• _Your task_: In the data below, find the line with "Белый балкон кирпич Объединенный с комнатой" and the line with "点击About 菜单按键切换GameAboutScene场景进入关于页面", then restate both and every line between them exactly, minus the pictures.

• _Material for this task_:
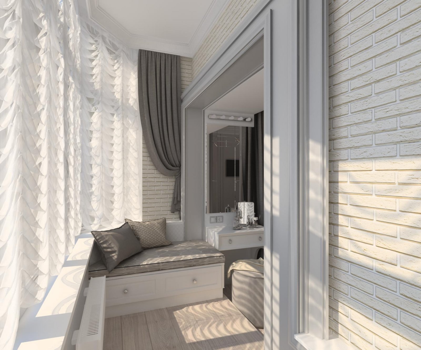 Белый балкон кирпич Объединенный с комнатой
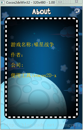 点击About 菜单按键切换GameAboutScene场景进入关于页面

==

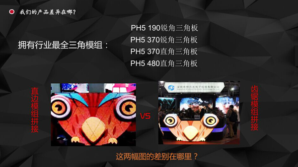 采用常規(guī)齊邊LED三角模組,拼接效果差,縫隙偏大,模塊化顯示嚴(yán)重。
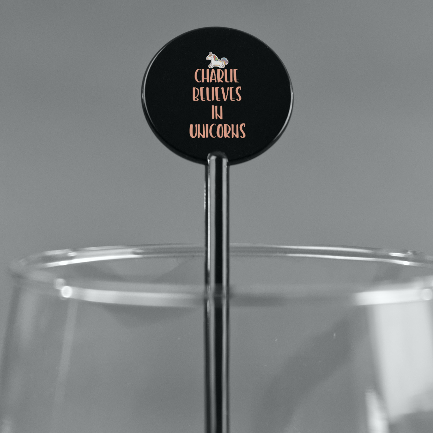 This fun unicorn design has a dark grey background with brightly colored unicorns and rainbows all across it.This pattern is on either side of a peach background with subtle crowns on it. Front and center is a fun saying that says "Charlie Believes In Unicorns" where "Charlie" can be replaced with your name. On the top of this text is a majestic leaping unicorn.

--

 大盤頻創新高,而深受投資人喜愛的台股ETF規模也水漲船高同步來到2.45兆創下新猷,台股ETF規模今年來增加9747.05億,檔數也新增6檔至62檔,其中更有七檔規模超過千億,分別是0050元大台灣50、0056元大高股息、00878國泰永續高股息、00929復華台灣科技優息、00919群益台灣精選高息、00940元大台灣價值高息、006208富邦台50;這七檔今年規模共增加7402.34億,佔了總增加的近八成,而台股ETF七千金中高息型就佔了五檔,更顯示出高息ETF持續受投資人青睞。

• _Written solution_:
 Белый балкон кирпич Объединенный с комнатой
 点击About 菜单按键切换GameAboutScene场景进入关于页面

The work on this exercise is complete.